Join host, Dugan Fraser, as he chats with Estelle Raimondo, Head of Evaluation Methods at the World Bank’s Independent Evaluation Group about the current state of evaluation. In her thought-provoking keynote address to the 14th European Evaluation Society conference in Copenhagen in June 2022, Estelle Raimondo and her colleague, Peter Dahler-Larsen, proposed that the institutionalization of evaluation has resulted in it becoming a performative practice. Raimondo proposes several approaches for improving the value - and reviving the promise - of evaluation.

This episode is also available also on spotify.

 

TRANSCRIPT:


Dugan Fraser

[00:00:34]

Hello everybody. I'm Dugan Fraser. I'm the Program Manager for the Global Evaluation Initiative. Welcome to our podcast, Powered by Evidence.

I'm very, very happy to welcome Estelle Raimondo to the conversation today. She's the Methods Advisor at the Independent Evaluation Group, where she advises teams on methodology. She does research on technological designs and innovations, and she also leads evaluations, with more than 10 years of experience in development evaluation. She's a faculty member of IPDET, the International Program for Development Evaluation Training, and she serves on the board of the European Evaluation Society.

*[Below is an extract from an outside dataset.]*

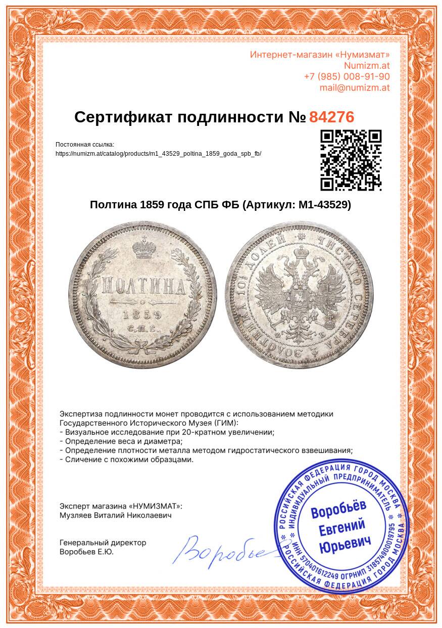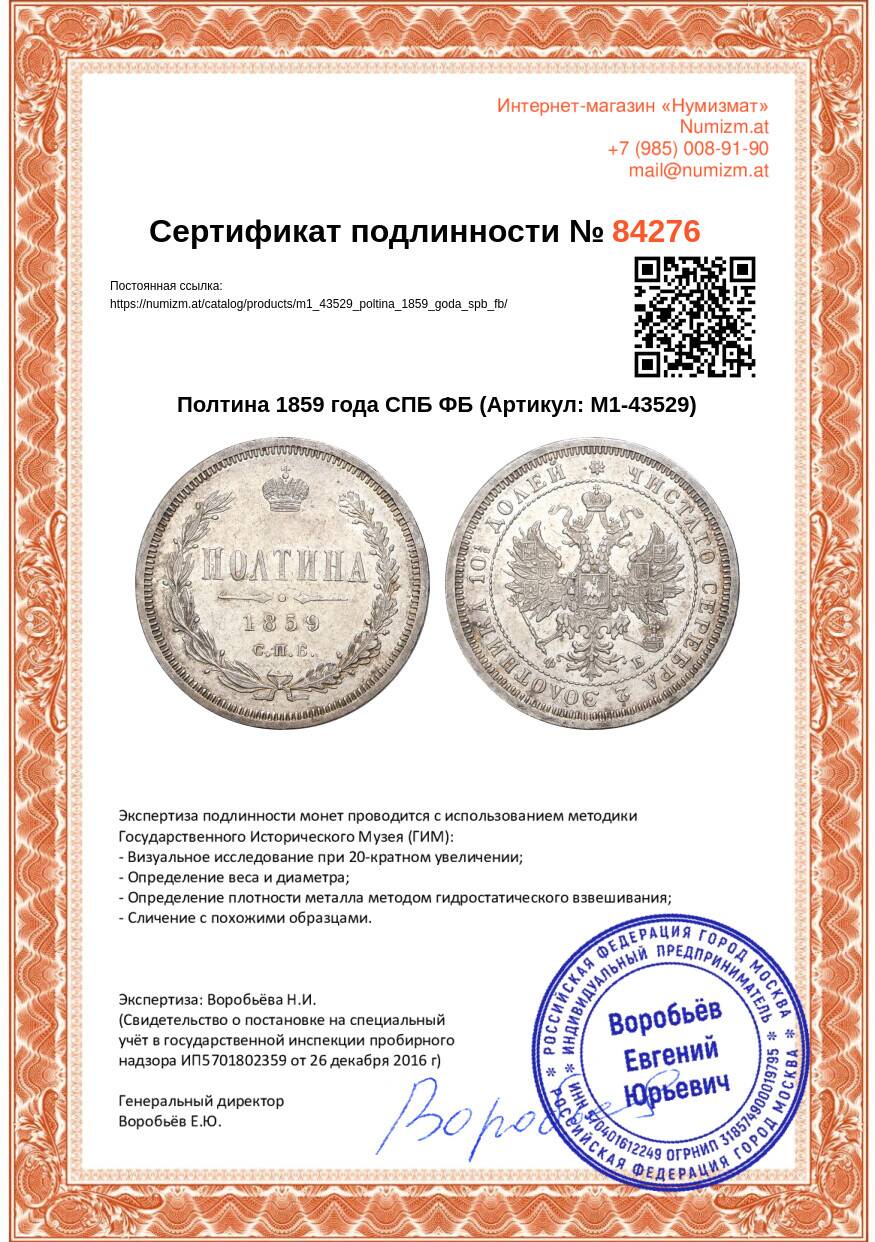 Купить Полтина 1859 года СПБ ФБ по привлекательной цене можно в нашем интернет-магазине — Вам достаточно оформить заказ на сайте. Все монеты, представленные в каталоге, находятся в наличии на нашем складе.
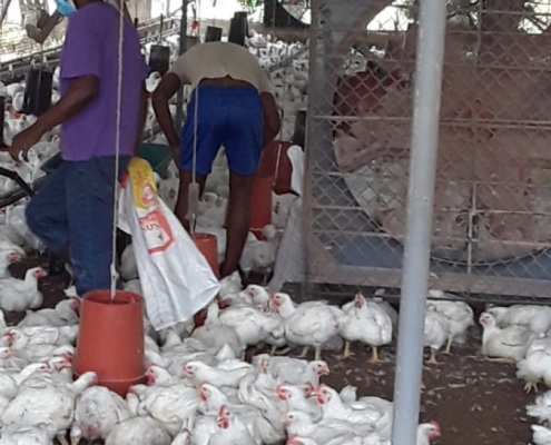 Panamá, 20 de diciembre de 2021. Unos 5 mil 760 pollos de engorde que arrojaron 37 mil 860 libras fue el resultado de la cosecha efectuada en la granja avícola de autogestión del Centro de Cumplimiento de Las Garzas, dando por culminado de manera exitosa el proyecto número 24.

Her research has been published in several internationally peer-reviewed journals and manuscripts, and she has a PhD in evaluation research from George Washington University.

Welcome, Estelle. It's very nice to have you with us.

Estelle Raimondo

[00:01:26]

Hi, Dugan. Thanks for having me.

Dugan Fraser

[00:01:29]

Won't you start by telling us a little bit about the work that you do at the IEG?

Estelle Raimondo

[00:01:35]

Sure. So, for the longest time, I was wearing two hats. I was, you know, working with teams across all of our evaluations to help them set up their evaluation design, think creatively about their methodology, and also, you know, assure a little bit of the quality of the work that we do. And also, I was leading evaluations, mostly thematic evaluations, you know, those that are in the human capital sector, and country program evaluations.

More recently, I'm just wearing one hat. It's a big hat. It's the methods advisor. And so, I'm no longer leading evaluation studies at the moment.

Dugan Fraser

[00:02:21]

So, you're the person to talk to about evaluation methods. And obviously, this is a big topic and one that's really interesting. And I'd love to know what you think the big trends at the moment are in evaluation methods and what you think drives them.

Estelle Raimondo

[00:02:39]

So, I think we are at a very exciting time because, in evaluations, I think we are really going for eclecticism. Over the past 10 years, what I've seen is a lot of creativity around the evaluation designs and quite a few trends that are ongoing and somehow coming together in a nice way.

So, the first one, I would say, is that we have broadened the range of impact evaluation methodologies. We used to have a fairly small toolbox, which was randomized control trial, which has a lot of strengths, but also some limitations. And over the past 10 years, we've seen a boom in trying to reclaim causal evaluation. So, we've seen a lot of analysis through process tracing, QCA, more theory-based evaluation methodologies that lend themselves to evaluating things that were hard to measure. That's one big trend, I would say.

The second is trying to harness the power of big data. And we've seen a lot of exciting experiments in data science and evaluation. Some of them we are contributing at IEG. So, on the team. On the text side, trying to make the most of all the textual data that we have. On the geospatial side, really using images as data. That's really exciting as well.

And then the third trend is to really bring the participatory side of evaluation much more prominently in everything we do. And so, really embedding techniques, but also approaches that are more from the social, sociology, ethnography, and more community-based approaches. And in some way, the best evaluations are those that really have a meaningful design based on the questions and not methods-driven.

So, yeah, that's my panoramic view of the field. I'm sure there are many other trends that I haven't thought through.

Dugan Fraser

[00:04:47]

I always feel like the methods issue is a really interesting way to understand the world. I think it's a really interesting way to understand the world around us, and what do you think the state of methods says about where we are at as a species and as a series of civilizations?

What do you think that the eclectic and creative diversity says about how the state of the human animal is at?

Estelle Raimondo

[00:05:18]

That's a very good question. I would say that we have finally come to terms with the fact that we can't ignore complexity, that we can't oversimplify and consider everything to be linear and tightly fitting in our really light, logical frameworks. And also becoming much more humble about what we can understand about processes of change, which is at the core of evaluation.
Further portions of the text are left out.